Parkinson’s disease is a progressive, neurodegenerative brain disorder that leads to shaking, stiffness, and difficulty with walking, balance, and coordination (Robinette, Charles et al, 2018). Symptoms usually begin gradually and worsen. Overtime individuals may experience mental and behavioral changes, memory loss, fatigue, sleep problems, and depression. PD is most common in men aged 60. However, early onset of the disease can begin at the age of 50 (Robinette, Charles et al, 2018).

Families Coping with Parkinson’s Disease  

Parkinson’s Disease like any other chronic illness manifests many physical and psychological challenges, this can be incredibly hard on the family.
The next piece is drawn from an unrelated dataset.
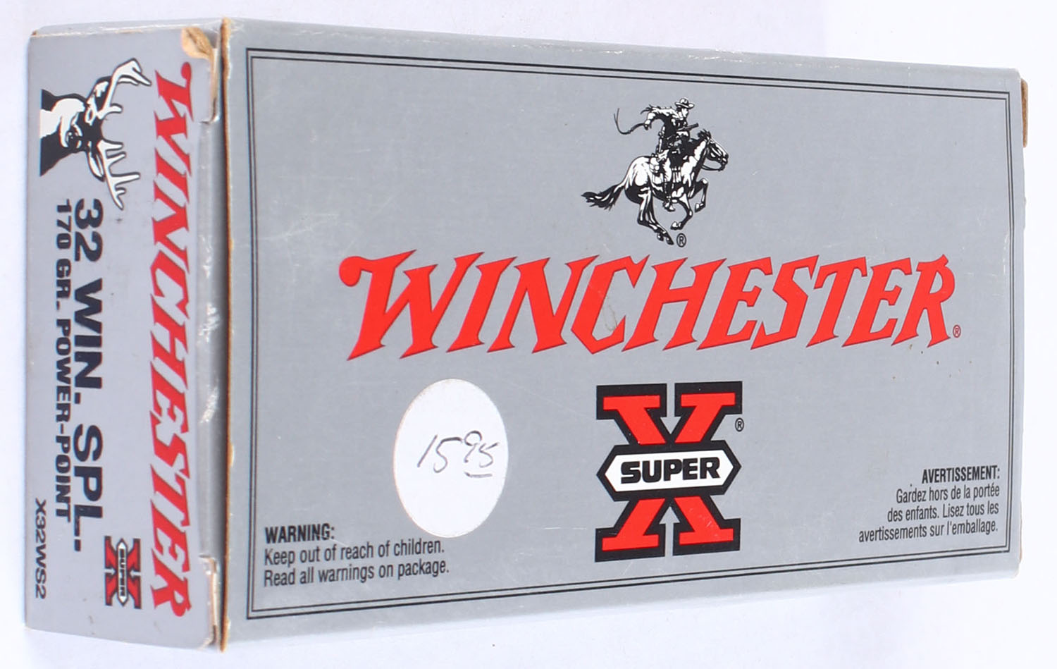 Winchester, Super-X, .32 Winchester Special, 170 Grain Power-Point, Full, 1pc. Silver & red box, box is solid with great color, minor shelf wear, has sticker to front, end flaps are solid, ammo is excellent. Grade: Excellent - Value: 50 to 75

Along with the affected individuals the family has to also deal with change and adopt to this new lifestyle that comes along. It can be emotionally devastating to see a family member suffer and having to support and care for them throughout (WHP, 2017).

qaulity of life

Family members of individuals with PD have their work cut out for them. Caregivers and family take part in: 

  • Maintaining quality of life
  • Keeping updated on disease progression, symptoms, treatment and challenges.
  • Offer love and support

(Senelick, 2016)

Maintaining Quality of Life

It is a crucial part of maintaining quality of life even after being diagnosed with PD that affected individuals understand that they are not alone in this journey. The family should actively be apart of the affected family members daily life. Involvement can range from different activities such as going for a walk, watching television, taking a trip to the grocery store, or even doing laundry (WHP, 2017). As long as some involvement is there from the family it can act as a temporary relief from symptoms and enhance quality of life (WHP, 2017)

(Ryerson, 2015)

Keeping Updated on Disease Progression, Symptoms, Treatment and Challenges

Many symptoms of PD are almost invisible these include fatigue, anxiety and depression (Ryerson, 2015). Most of the time it is not immediately apparent that your loved is suffering as it may be internal symptoms. Having frequent conversations about how your loved one feels and what has changed or progressed within their illness is key. This keeps family members in the loop and allows them to accommodate for long-term care.

Offer Love and Support

Doctor’s appointments, support group meetings, communicating with children and other family members can all be very overwhelming. It is a good idea to have and bring a caregiver along to listen and take part in certain situations. For example, it may be a good idea to take your spouse along to a doctor’s appointment as she or he will have a better idea about any mood or behavioral changes and concerns (Ryerson, 2015).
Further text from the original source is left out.